Daniel T. said:
OK, so add that to the formulation. That's all I'm saying here, the
quote you provided doesn't tell the whole story because you can use
references even where passing by value makes more sense.
Your example of passing &i is what caught my attention. I just
had to clean up a bunch of code written by a former employee.
He decided to write functions that took a std::vector*. When he
called these functions, if he had a std::vector, he passed it
by &vec. He didn't like iterators.
If it isn't our function, then we aren't going to be making any
decisions about what the parameter types are. The discussion assumes we
are the one's making the decision, so of course it's our function.

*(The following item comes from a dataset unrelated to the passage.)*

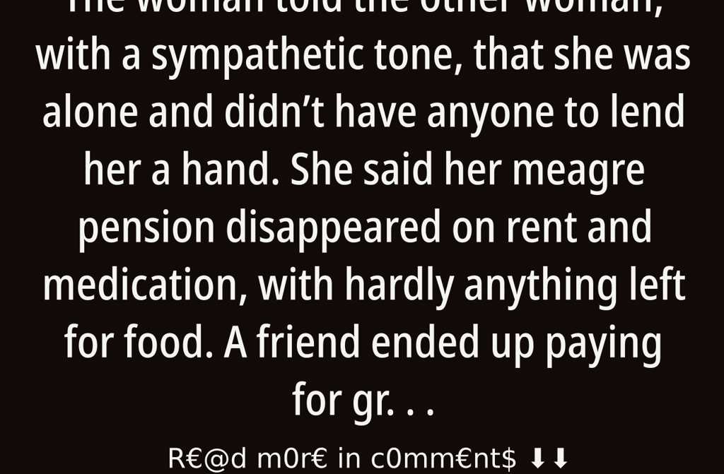 The woman told the other woman, with a sympathetic tone, that she was alone and didnt have anyone to lend her a hand. She said her meagre pension disappeared on rent and medication, with hardly anything left for food. A friend ended up paying for groceries for the poor old lady.
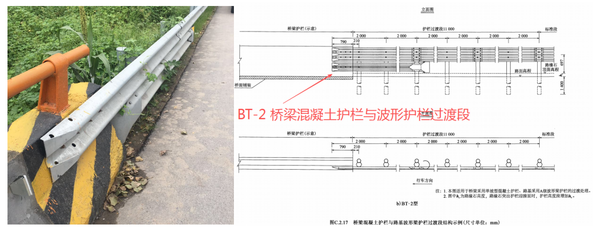 BT-2混凝土护栏与波形护栏过渡段——搭接式:

Reseating a pointer within a function has no effect on the calling
function either. Your previous example, as I pointed out, was
pointless.
Well you can dereference a pointer and do pretty much
what you want with it.
When designing a function, we can make the parameter type T, const T&,
T&, const T*, or T*. The OP asked how to decide between the five
options. I'm interested in your answer. How do you decide between them?
Can your formulate your decision process as an algorithm?
Not really as an algorithm. It would be nice if you could
create algorithms to tell you how to design software
on this level but it would be hard to cover all the possibilities.
Sometimes you need to use pointers. For
example, if you use Borland's VCL, all of their TObject stuff must
be pointers. With Qt, it's often the case though not exclusively.
When you write functions, you don't always get to choose the
types that you're working with.
But given generic code, assuming that I don't want to modify
the variable, if it's no more efficient to use a reference, I would
just pass it by value.
If the object is expensive to copy like a vector<spoo>, I would
use const &.
Beyond that, it depends on the circumstances.